Mulling over the question, I frown as I turn to look at my husband. The salesperson is explaining something to him, and Matthew is focusing on what he is saying. His green eyes meet the man's and his head bobs at the appropriate times. A passerby might think he is being too animated to be paying attention, but I know better. Attention is important to him. Growing up in the middle of the shuffle, he feels like he had to fight for it all the time, so he'd very careful when it comes to attention. He readily gives it to whoever with little regret or impatience. It's one of the things I liked best about him the day we first met. Crowded bar, noisy and smoke-filled and he was still managing to hold to give his complete attention to everyone he engaged in conversation. Matthew doesn't even know this, but I watched him for a full thirty minutes before I worked up the nerve to have a friend introduce us. I think I was already in love with who he appeared to be then. My friend Marguerite says that I'm lucky that did not doom our relationship from the start. When you fall in love with something you think is real only to find out that reality isn't that perfect, the disappointment can be devastating, at least according to her.

I'm trying to think if Matthew's ever been disappointing and there is nothing.
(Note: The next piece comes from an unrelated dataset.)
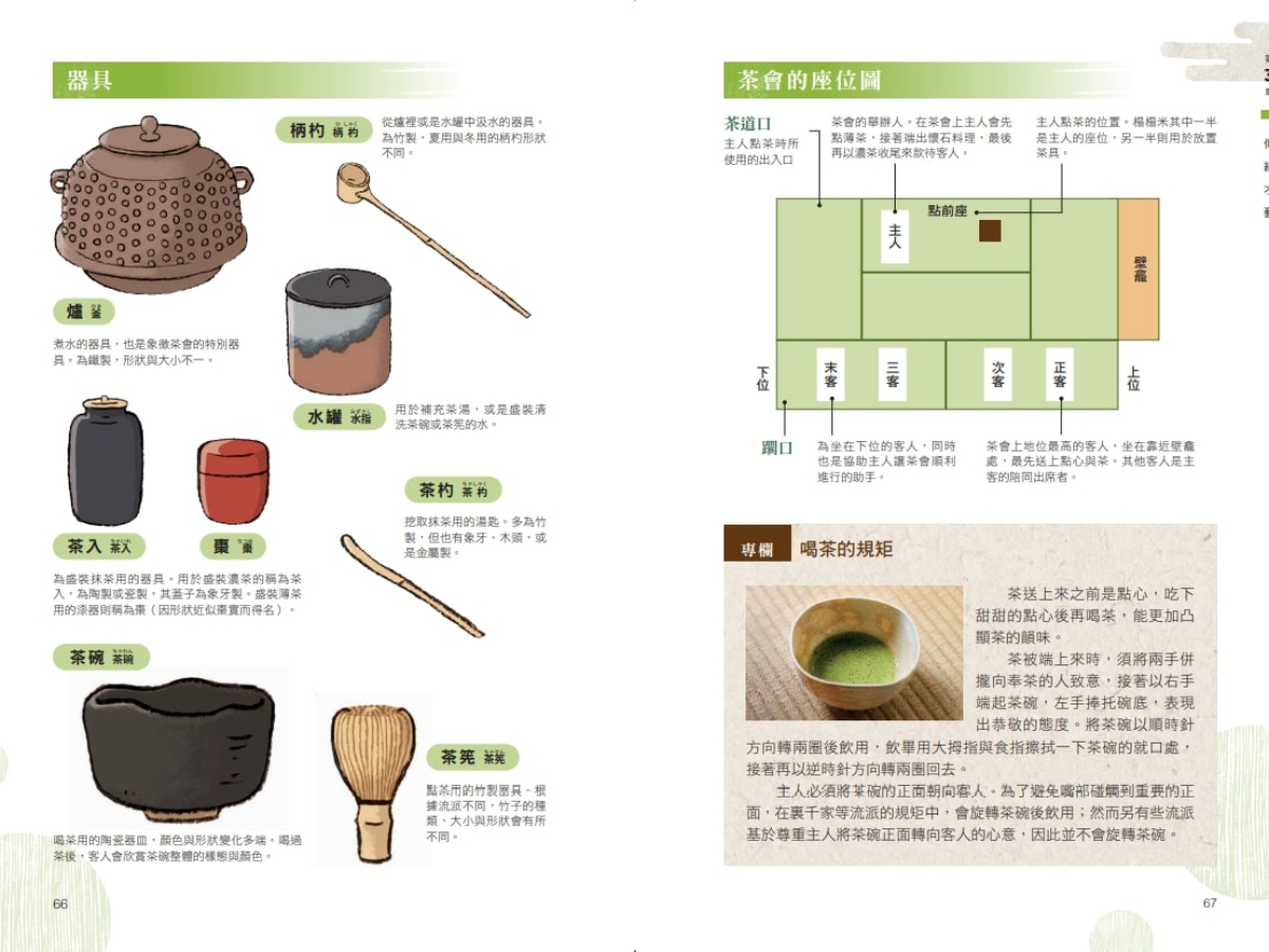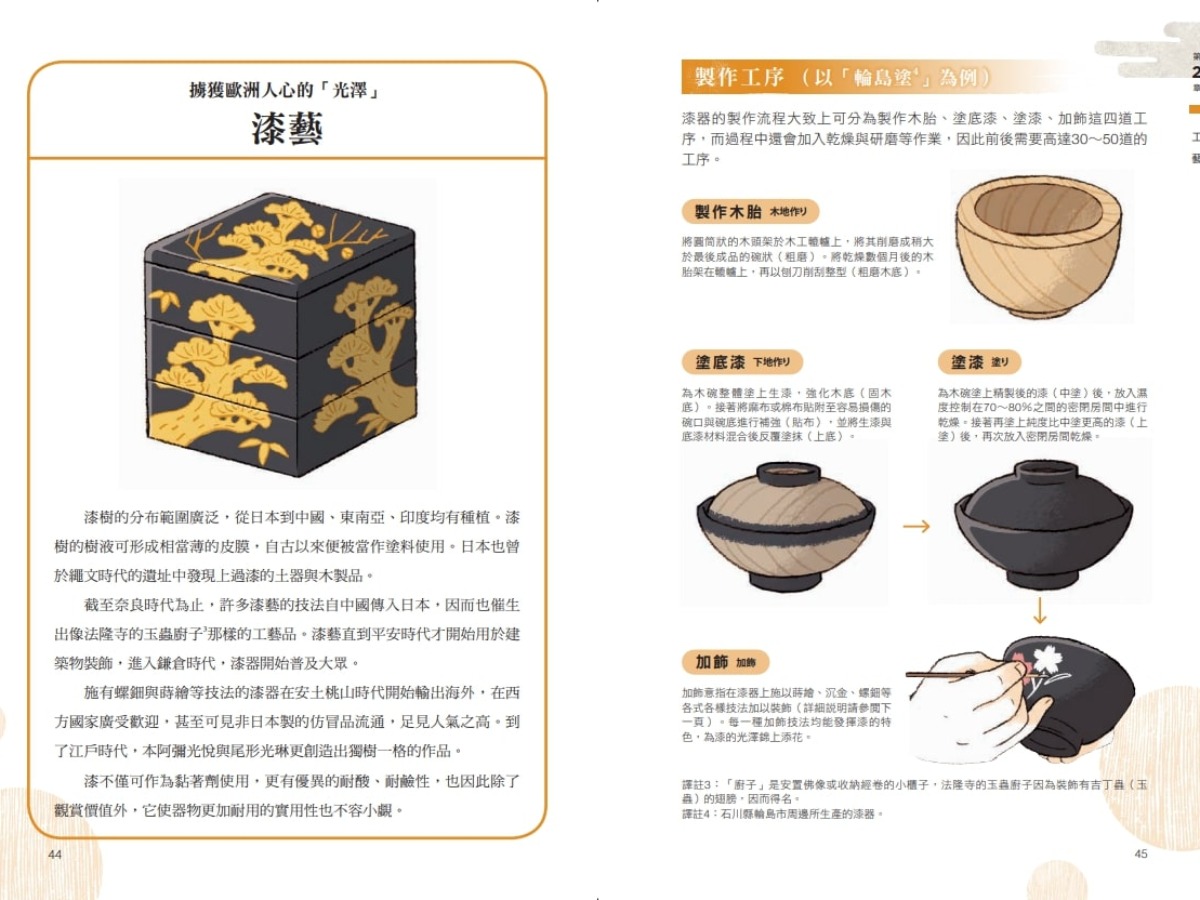為了網羅日本文化的各個面向,書中也分為七大章節:表演藝術、工藝、傳統才藝、藝術、節慶、武道、住居與生活用品,為讀者打下紮實的文化基礎並開闊不同的知識領域。
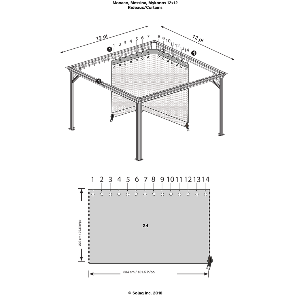 Disclaimer: Designed for Sojag Monaco, Messina, Mykonos, and Moreno 12 x 12 ft. gazebos, may not 100% fit other brand gazebos. Please refer to the drawing of dimensions or contact us to make sure this will fit your gazebo before purchase. Returns due to "not fitting other brands" will NOT be accepted.

Not that we're perfect by any stretch of the imagination, but there's nothing big. He leaves the toilet seat up sometimes, regards ESPN as the only real ‘news' network on television, and reverts back to childhood when it comes to his brothers, but that's normal man stuff. He's never forgotten something truly important or hit me or intentionally hurt me. No, until recently I have never been annoyed this long with Matthew. The voice in the back of my head also informs me that he's never been this busy before. It's been our unspoken rule that I come first with him and he comes first with me.

"So baby, what do you think?"

"I'm mad at you." I answer without thinking, but I don't regret it. The salesperson looks like a dear caught in headlights, but Matthew seems like he was expecting my answer. I swear I see a slight smile as he asks the clerk to give us a minute.

The man scrambles off, eager not to witness customers engage in a marital spat. Matthew's attention turns back to me once the little man is gone. "This isn't about the bed."

"No. This isn't about the bed. It's about the fact that I had to schedule this time to see you and even now we're not spending this time alone. We're in a home store picking out a bed."

"We do need a bed Alex."

His understanding tone only makes me angrier. Like he's talking to a child throwing a temper tantrum or something. "Don't be reasonable. I hate it when you're being reasonable and I'm talking about feelings."

He is holding in a laugh, I can see that as it sparkles in his eyes. "Alright then. What exactly is it that you are feeling Alex?"

The question makes me feel shy for some reason or another. I pause before offering my answer. "I feel silly that the only reason I'm seeing you today is because we have to pick out a bed. I feel like we don't see each other just cause any more. Remember when we used walk by each other's apartments just cause we were hoping the other one would be home?" Matthew smiled at the memory. It had actually been his practice to walk by my apartment to see if I was home, but I never let him be alone in being a fool in love. "You do remember. Now tell me would those two people schedule time to see each other and spend it doing anything that wasn't horizontal and involving a bed?"

His laugh finally escapes and I find myself being hugged before I even realize he intended to hug me. "I missed you this week." I answer back that I missed him too, but it is muffles against the fabric of his shirt.

"Um... Sir, ma'am?" I turn my head to find that the sales clerk has returned, his face unsure. Giving him a reassuring smile, I almost laugh aloud when he asks "Have you made a decision yet?"